Josiah and I are both in odd times of our lives right now. Things are busy, stressful, disappointing and, honestly, not right in some aspects. We both need to work through it until we can reach a point in life where we are happy -- not just OK.
A lot of times over the years (and especially this month) I've regarded Josiah and our commitment as the one "right" thing in my life (in addition to friends and family, of course). He has been the constant good force over the past five years -- the consistently encouraging presence through the strenuous classes, the late nights in the newsroom, the crappy jobs, the identity crises and the losses.
I haven't blogged in the past week or two because, honestly, I haven't done much. I've been addressing a lot of personal issues that have put wedding planning on the backburner.

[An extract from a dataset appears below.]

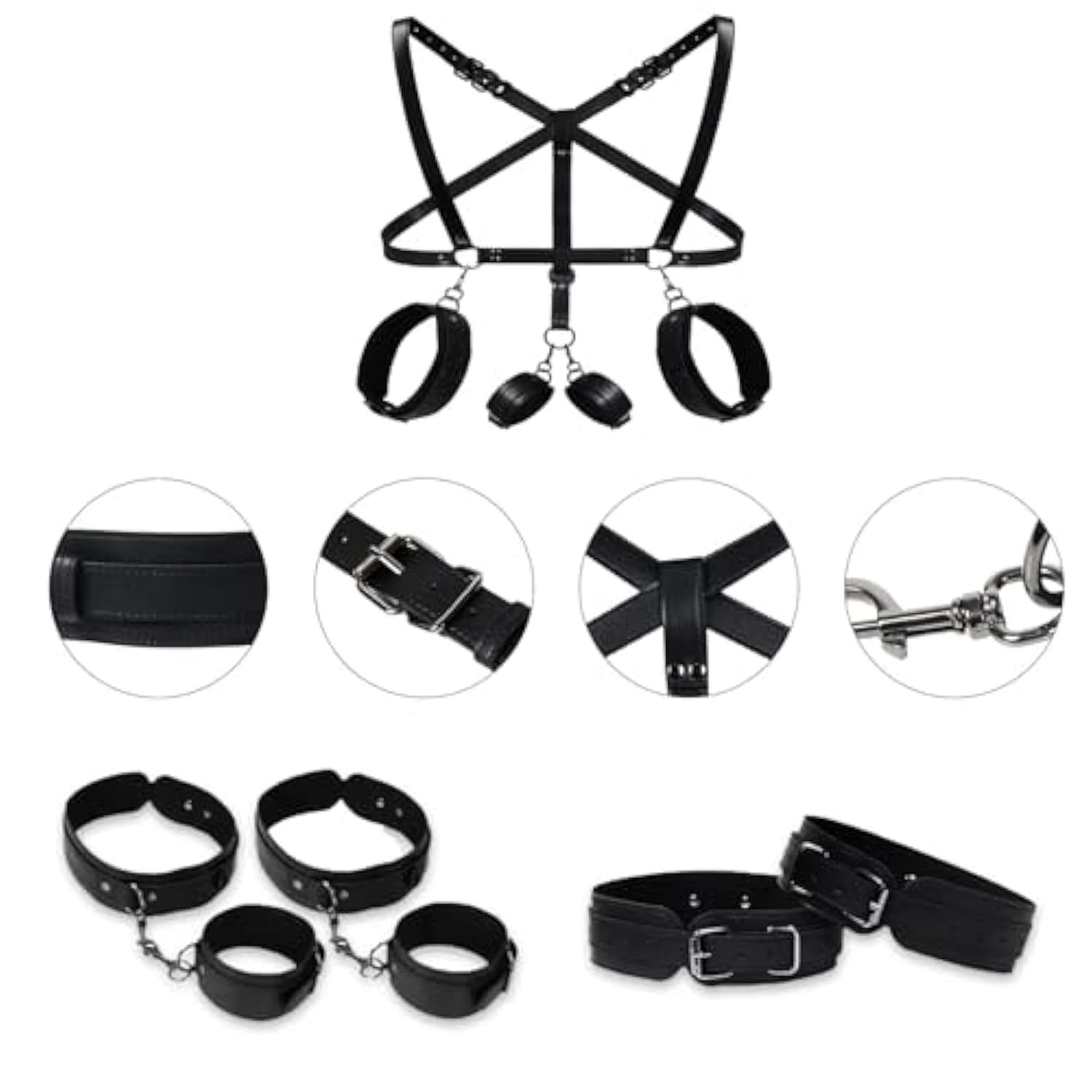 | More Ways To Sex Games 3Pcs: This Sex Bondage Kit Consists Of 6 Accessories In Total (2X Handcuff, 2X Thigh Cuff, 1X Cross Strap), Those Couples Sex Set Are Adjustable, So It Can Fit Almost All People Size.Made Of Superior Leather And Nylon Material, Safe And Comfortable. | | Perfect For Restraints Sex Beginners: The Outer Leather Material Of The Bondage Cuff And Collar Is Strong And Are Lined With Very Soft, Plush Material That Does Not Hurt The Wearer But Really Comfortable And Safe-She/He Has No Other Choice Except To Squirm In Pleasure! | | Become Restraint Advanced Player: If You Are A Thrill Seeker, Then This Bundle Is Perfect For You, Allowing You To Dominate Or Absolutely Obey In This Slave Game, Enjoy Role Play Games, Watch Your Lover Becomes A Slave That Obeys You. | | Reliable Quality Durable: Luxurious Restraint Strap. It Is Long And Durable Enough For Both Men And Women?To Make Delicate Restraints And Body Harnesses. The Material Is Waterproof, Just Wipe It With A Damp Towel After Each Use. | | Discreet Packaging: Our Bdsm Adult Sex Toys Restraint Kit Is Lightweight, Will Be Delivered To You In Discreet Packaging. Easy To Storage And Carry, You Can Take It Along With You For Traveling And Enjoy More Erotic Romantic Anytime Anywhere. | |

I'm trying to be proactive and positive, but it's hard to when the future is so uncertain.
But once again, I have to remember what is certain: Josiah and I are getting freaking married. And all of my best friends will be there. Why shouldn't I be excited? We are going to be throwing a party (for ourselves, but still) and it will be kickass.

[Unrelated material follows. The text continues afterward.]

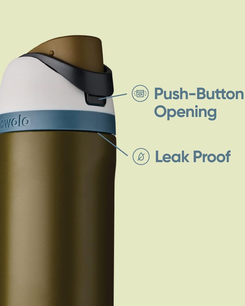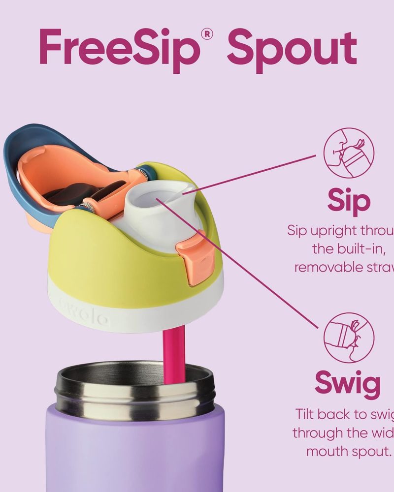 • 32-ounce insulated stainless-steel water bottle with a FreeSip spout and push-button lid with lock

Sometimes I have to remind myself what this wedding is about. My mom has brought this up a lot. It's about Josiah and I. It's about our love. It's about our marriage. Of course, it's also about all of the people who have brought us together, encouraged us, supported our decision.
So, here's the hoping that the coming blog entries will bear good news and fruitful inspiration. I need it. Both in life and in wedding.
P.S. - Thanks to Amanda, Erica and Todd for being especially great friends during this ever-changing time.